Keywords: antiphospholipid syndrome, thrombosis, coagulation, tissue factor, DIC
Tissue factor
Tissue factor (TF) is a transmembrane glycoprotein that is a member of the cytokine receptor super-family. TF was so named after it was noted that a component of tissue, when added to plasma, enhanced coagulation. TF was first purified in 1985 and was cloned soon thereafter.1–4 The crystal structure of the TF extracellular domain bound to Factor VIIa (FVIIa) was reported in 1996.5 TF is a 263 amino acid protein with three major domains: (1) an extracellular domain which binds to FVII/ FVIIa and substrates;2 (2) a transmembrane domain that serves as a membrane anchor; and (3) a short cytoplasmic carboxy terminal domain. TF serves as the primary initiator of in vivo coagulation. The TF/FVIIa complex activates FIX and FX and leads to thrombin and fibrin generation. Notably FVIIa is a weak serine protease on its own, but upon binding TF, its catalytic activity is increased 2 × 107 fold.6
TF is expressed constitutively by adventitial cells surrounding blood vessels and rapidly initiates coagulation after vessel injury.7,8 This perivascular localization was described as a hemostatic envelope by Drake and colleagues.9 In contrast to the high levels of TF in perivascular cells, vascular cells and blood cells do not express TF under normal conditions. However, there are very low levels of TF (commonly referred to as ‘circulating TF’ or ‘blood borne TF’) detectable in the blood of healthy individuals.10,11 It was initially argued that circulating TF represented a pool of TF that was able to be delivered continuously to developing thrombi and participate in its continued growth and extension.12 However, others felt that the levels of circulating TF in healthy individuals are too low to contribute to thrombosis.10 A soluble form of TF has also been described in the literature that is generated by alternative splicing. Importantly, this form of TF lacks the transmembrane domain and substrate binding site and does not possess procoagulant activity.11,13 Hoffman et al.14 noted that TF was present throughout thrombotic clots, whereas it was present only at the edges of hemostatic clots. The authors therefore argued that circulating TF is incorporated into thrombotic clots but their study did not determine whether this TF was active. Circulating TF remains an area of active investigation.

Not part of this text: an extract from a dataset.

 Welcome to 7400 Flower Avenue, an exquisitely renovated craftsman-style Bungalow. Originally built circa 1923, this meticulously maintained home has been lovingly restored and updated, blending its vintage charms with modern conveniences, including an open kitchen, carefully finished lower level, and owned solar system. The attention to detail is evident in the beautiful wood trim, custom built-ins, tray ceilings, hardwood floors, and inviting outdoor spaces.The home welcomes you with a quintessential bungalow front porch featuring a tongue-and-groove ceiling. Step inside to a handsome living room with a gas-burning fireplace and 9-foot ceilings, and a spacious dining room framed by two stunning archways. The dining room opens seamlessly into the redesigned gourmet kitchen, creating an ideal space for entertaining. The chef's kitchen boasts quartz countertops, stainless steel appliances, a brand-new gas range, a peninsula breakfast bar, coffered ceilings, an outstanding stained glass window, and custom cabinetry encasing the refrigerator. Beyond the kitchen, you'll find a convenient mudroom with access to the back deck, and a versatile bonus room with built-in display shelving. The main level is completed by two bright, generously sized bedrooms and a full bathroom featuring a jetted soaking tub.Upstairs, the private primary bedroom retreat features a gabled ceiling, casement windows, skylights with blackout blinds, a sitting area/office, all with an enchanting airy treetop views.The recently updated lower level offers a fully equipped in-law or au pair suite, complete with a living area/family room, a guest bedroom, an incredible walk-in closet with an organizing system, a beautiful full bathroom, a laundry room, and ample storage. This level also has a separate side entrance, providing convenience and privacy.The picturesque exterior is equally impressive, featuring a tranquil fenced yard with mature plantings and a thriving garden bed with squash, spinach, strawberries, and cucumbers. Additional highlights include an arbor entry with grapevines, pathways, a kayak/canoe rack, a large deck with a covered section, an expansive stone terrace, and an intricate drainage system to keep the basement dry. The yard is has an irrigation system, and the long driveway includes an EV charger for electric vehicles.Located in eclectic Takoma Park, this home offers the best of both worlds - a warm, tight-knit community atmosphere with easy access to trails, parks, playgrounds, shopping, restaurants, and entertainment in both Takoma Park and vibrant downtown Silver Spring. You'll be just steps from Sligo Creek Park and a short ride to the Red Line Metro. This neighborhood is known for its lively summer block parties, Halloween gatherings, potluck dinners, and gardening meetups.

It has also been demonstrated that TF is expressed in a tissue-specific manner with high levels detected in various organs, such as the brain, heart, kidney and placenta.9,15–19 Animal models have shown that either a genetic deficiency or inhibition of TF in wild-type mice results in tissue-specific hemorrhage.20,21 Several groups also demonstrated that deletion of the TF gene results in embryonic lethality in mice.22–24 These data indicate that TF-dependent thrombin generation is essential for hemostasis.

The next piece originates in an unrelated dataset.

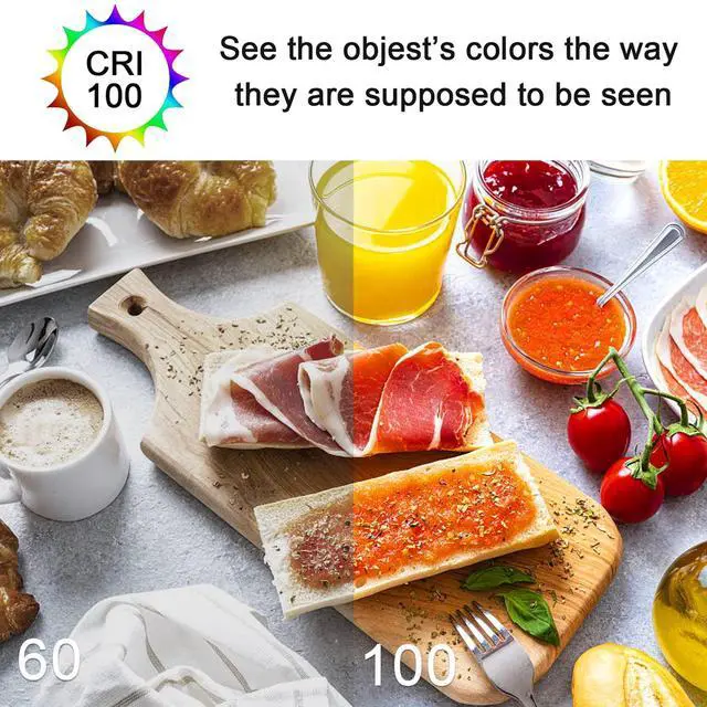 - CRI100 (color rendering index), makes you see the colors the way they are supposed to be seen.

While normal TF expression is required for maintaining hemostasis, pathologic TF expression can result in arterial thrombosis, venous thromboembolism (VTE) and disseminated intravascular coagulation (DIC). Elevated levels of circulating TF are observed in a variety of diseases including sepsis, diabetes, cardiovascular disease and cancer.25 It has been posited that thrombosis in these diseases may be triggered by TF. In blood TF is associated with microparticles (MP), and this form of TF will be referred to as TF-positive MP (TF+ MP). These are submicron fragments of cell membranes that are derived from activated/ apoptotic cells and retain cell proteins of their cellular origin.26 TF expression by monocytes is induced by exposure to various agents, including bacterial endotoxin (lipopolysaccharide [LPS]) stimulation.27 However, the presence of low levels of TF on platelets is more controversial. Various explanations for platelet TF include: (1) binding or uptake of TF+ MP released by other cells into the blood; and (2) de novo synthesis of TF.28–30 However, other authors were unable to detect TF activity or antigen on resting and calcium ionophore stimulated platelets.8,10,31 Similarly, there is disagreement related to the presence or absence of TF on granulocytes. One group reported that granulocytes express TF upon stimulation,32 and others describe TF expression on eosinophils33 and neutrophils.34 However, Osterud and colleagues could not detect TF expression in granulocytes but found that granulocytes acquire monocyte-derived TF+ MP in whole blood.35
Another controversial issue regarding TF is the so-called ‘encryption–decryption process’. Potential mechanisms for decryption have been discussed and reviewed previously.36 The observation that lysis of TF-positive cells results in a significant increase in TF activity, led to the proposal that TF exists in two states, a low-activity state, or ‘encrypted’, and a high-activity state, or ‘decrypted’. One proposed mechanism is that interaction of TF with the membrane phospholipid phosphatidylserine (PS) increases its activity. PS is an anionic phospholipid that is normally maintained in an energy-dependent asymmetric state on the inner membrane leaflet but is exposed on the outer leaflet upon cell stimulation or membrane disruption. Another hypothesis for decryption was put forth by Chen et al. in 2006. They suggested that high TF activity required the formation of an allosteric disulfide bond between cysteine residues 186 and 209.37 Recently, however, Bach and Monroe have questioned this model based upon crystal structure. They argue that the two cysteine residues are obscured by the interaction between TF and FVIIa and therefore an enzyme, such as protein disulfide isomerase, cannot gain access to the residues to form the disulfide bond38. Although the mechanism for decryption remains ill-defined, the most likely mechanism appears to be via an interaction with PS.
Arterial thrombosis
Arterial thrombosis, in the form of myocardial infarction and stroke, represents one of the most common causes of mortality in the US. The primary etiology of arterial thrombosis is instability or rupture of an atherosclerotic plaque. This rupture triggers the formation of a localized, platelet-rich clot with resultant vessel occlusion and subsequent infarction. Atherosclerotic plaques in humans contain large amounts of TF and it has been suggested that after plaque rupture, TF triggers activation of the clotting system that contributes to the formation of an occlusive clot.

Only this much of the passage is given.